◆ HOW TO COMPLETE THIS TASK
Restate the entries below word for word, leaving nothing out.

=== DATASET RECORDS ===

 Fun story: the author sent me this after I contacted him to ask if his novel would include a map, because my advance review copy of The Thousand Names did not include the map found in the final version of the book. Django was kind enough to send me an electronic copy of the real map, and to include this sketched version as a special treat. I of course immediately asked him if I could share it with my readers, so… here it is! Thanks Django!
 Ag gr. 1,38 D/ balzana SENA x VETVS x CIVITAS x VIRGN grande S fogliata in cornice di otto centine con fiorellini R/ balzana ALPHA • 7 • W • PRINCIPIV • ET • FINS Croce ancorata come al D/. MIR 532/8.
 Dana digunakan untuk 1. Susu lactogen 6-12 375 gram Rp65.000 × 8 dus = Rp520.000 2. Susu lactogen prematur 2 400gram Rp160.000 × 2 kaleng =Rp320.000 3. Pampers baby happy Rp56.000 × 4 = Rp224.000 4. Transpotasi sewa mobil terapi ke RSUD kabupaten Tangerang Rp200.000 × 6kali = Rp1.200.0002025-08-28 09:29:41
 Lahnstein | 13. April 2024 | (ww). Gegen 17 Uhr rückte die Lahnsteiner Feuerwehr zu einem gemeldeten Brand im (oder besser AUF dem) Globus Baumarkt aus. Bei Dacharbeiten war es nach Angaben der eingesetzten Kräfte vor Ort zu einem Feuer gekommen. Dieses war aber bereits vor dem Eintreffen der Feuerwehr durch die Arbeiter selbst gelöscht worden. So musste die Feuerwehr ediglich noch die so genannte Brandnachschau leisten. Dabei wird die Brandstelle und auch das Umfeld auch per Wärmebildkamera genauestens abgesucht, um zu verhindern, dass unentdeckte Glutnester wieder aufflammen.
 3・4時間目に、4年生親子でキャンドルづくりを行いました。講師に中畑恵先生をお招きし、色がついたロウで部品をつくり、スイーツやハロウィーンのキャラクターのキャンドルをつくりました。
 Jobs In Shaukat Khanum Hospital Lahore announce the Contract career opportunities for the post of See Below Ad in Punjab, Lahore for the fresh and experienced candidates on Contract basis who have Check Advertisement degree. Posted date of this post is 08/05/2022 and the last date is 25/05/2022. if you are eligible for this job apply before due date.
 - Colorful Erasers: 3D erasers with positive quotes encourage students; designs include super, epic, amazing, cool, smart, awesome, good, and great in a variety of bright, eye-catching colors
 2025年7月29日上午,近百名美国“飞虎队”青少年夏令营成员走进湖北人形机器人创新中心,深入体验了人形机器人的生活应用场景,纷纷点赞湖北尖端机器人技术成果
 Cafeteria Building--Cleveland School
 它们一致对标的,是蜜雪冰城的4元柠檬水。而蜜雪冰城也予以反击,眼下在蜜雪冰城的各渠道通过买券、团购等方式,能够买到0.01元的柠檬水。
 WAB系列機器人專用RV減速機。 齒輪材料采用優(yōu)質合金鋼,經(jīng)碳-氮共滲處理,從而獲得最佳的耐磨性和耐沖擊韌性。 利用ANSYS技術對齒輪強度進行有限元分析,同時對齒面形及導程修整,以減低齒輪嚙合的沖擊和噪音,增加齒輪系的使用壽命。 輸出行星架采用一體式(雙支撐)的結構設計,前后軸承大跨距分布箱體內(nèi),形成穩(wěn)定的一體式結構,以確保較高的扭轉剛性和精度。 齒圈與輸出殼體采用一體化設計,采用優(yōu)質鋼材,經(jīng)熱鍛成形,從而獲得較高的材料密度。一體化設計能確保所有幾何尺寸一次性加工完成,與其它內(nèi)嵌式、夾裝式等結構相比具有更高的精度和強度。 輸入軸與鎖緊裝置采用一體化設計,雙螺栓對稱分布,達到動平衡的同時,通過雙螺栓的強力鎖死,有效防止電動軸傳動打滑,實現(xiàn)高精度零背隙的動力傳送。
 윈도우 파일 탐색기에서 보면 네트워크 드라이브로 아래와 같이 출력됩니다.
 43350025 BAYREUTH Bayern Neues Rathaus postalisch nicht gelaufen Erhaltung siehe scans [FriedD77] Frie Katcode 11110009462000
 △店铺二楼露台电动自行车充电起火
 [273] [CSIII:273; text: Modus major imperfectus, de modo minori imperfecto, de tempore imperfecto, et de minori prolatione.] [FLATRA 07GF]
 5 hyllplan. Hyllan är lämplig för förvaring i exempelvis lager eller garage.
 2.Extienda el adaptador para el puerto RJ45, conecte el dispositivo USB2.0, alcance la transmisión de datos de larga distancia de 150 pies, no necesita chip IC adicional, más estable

===

◆ OUTPUT FOR THIS EXERCISE
 Fun story: the author sent me this after I contacted him to ask if his novel would include a map, because my advance review copy of The Thousand Names did not include the map found in the final version of the book. Django was kind enough to send me an electronic copy of the real map, and to include this sketched version as a special treat. I of course immediately asked him if I could share it with my readers, so… here it is! Thanks Django!
 Ag gr. 1,38 D/ balzana SENA x VETVS x CIVITAS x VIRGN grande S fogliata in cornice di otto centine con fiorellini R/ balzana ALPHA • 7 • W • PRINCIPIV • ET • FINS Croce ancorata come al D/. MIR 532/8.
 Dana digunakan untuk 1. Susu lactogen 6-12 375 gram Rp65.000 × 8 dus = Rp520.000 2. Susu lactogen prematur 2 400gram Rp160.000 × 2 kaleng =Rp320.000 3. Pampers baby happy Rp56.000 × 4 = Rp224.000 4. Transpotasi sewa mobil terapi ke RSUD kabupaten Tangerang Rp200.000 × 6kali = Rp1.200.0002025-08-28 09:29:41
 Lahnstein | 13. April 2024 | (ww). Gegen 17 Uhr rückte die Lahnsteiner Feuerwehr zu einem gemeldeten Brand im (oder besser AUF dem) Globus Baumarkt aus. Bei Dacharbeiten war es nach Angaben der eingesetzten Kräfte vor Ort zu einem Feuer gekommen. Dieses war aber bereits vor dem Eintreffen der Feuerwehr durch die Arbeiter selbst gelöscht worden. So musste die Feuerwehr ediglich noch die so genannte Brandnachschau leisten. Dabei wird die Brandstelle und auch das Umfeld auch per Wärmebildkamera genauestens abgesucht, um zu verhindern, dass unentdeckte Glutnester wieder aufflammen.
 3・4時間目に、4年生親子でキャンドルづくりを行いました。講師に中畑恵先生をお招きし、色がついたロウで部品をつくり、スイーツやハロウィーンのキャラクターのキャンドルをつくりました。
 Jobs In Shaukat Khanum Hospital Lahore announce the Contract career opportunities for the post of See Below Ad in Punjab, Lahore for the fresh and experienced candidates on Contract basis who have Check Advertisement degree. Posted date of this post is 08/05/2022 and the last date is 25/05/2022. if you are eligible for this job apply before due date.
 - Colorful Erasers: 3D erasers with positive quotes encourage students; designs include super, epic, amazing, cool, smart, awesome, good, and great in a variety of bright, eye-catching colors
 2025年7月29日上午,近百名美国“飞虎队”青少年夏令营成员走进湖北人形机器人创新中心,深入体验了人形机器人的生活应用场景,纷纷点赞湖北尖端机器人技术成果
 Cafeteria Building--Cleveland School
 它们一致对标的,是蜜雪冰城的4元柠檬水。而蜜雪冰城也予以反击,眼下在蜜雪冰城的各渠道通过买券、团购等方式,能够买到0.01元的柠檬水。
 WAB系列機器人專用RV減速機。 齒輪材料采用優(yōu)質合金鋼,經(jīng)碳-氮共滲處理,從而獲得最佳的耐磨性和耐沖擊韌性。 利用ANSYS技術對齒輪強度進行有限元分析,同時對齒面形及導程修整,以減低齒輪嚙合的沖擊和噪音,增加齒輪系的使用壽命。 輸出行星架采用一體式(雙支撐)的結構設計,前后軸承大跨距分布箱體內(nèi),形成穩(wěn)定的一體式結構,以確保較高的扭轉剛性和精度。 齒圈與輸出殼體采用一體化設計,采用優(yōu)質鋼材,經(jīng)熱鍛成形,從而獲得較高的材料密度。一體化設計能確保所有幾何尺寸一次性加工完成,與其它內(nèi)嵌式、夾裝式等結構相比具有更高的精度和強度。 輸入軸與鎖緊裝置采用一體化設計,雙螺栓對稱分布,達到動平衡的同時,通過雙螺栓的強力鎖死,有效防止電動軸傳動打滑,實現(xiàn)高精度零背隙的動力傳送。
 윈도우 파일 탐색기에서 보면 네트워크 드라이브로 아래와 같이 출력됩니다.
 43350025 BAYREUTH Bayern Neues Rathaus postalisch nicht gelaufen Erhaltung siehe scans [FriedD77] Frie Katcode 11110009462000
 △店铺二楼露台电动自行车充电起火
 [273] [CSIII:273; text: Modus major imperfectus, de modo minori imperfecto, de tempore imperfecto, et de minori prolatione.] [FLATRA 07GF]
 5 hyllplan. Hyllan är lämplig för förvaring i exempelvis lager eller garage.
 2.Extienda el adaptador para el puerto RJ45, conecte el dispositivo USB2.0, alcance la transmisión de datos de larga distancia de 150 pies, no necesita chip IC adicional, más estable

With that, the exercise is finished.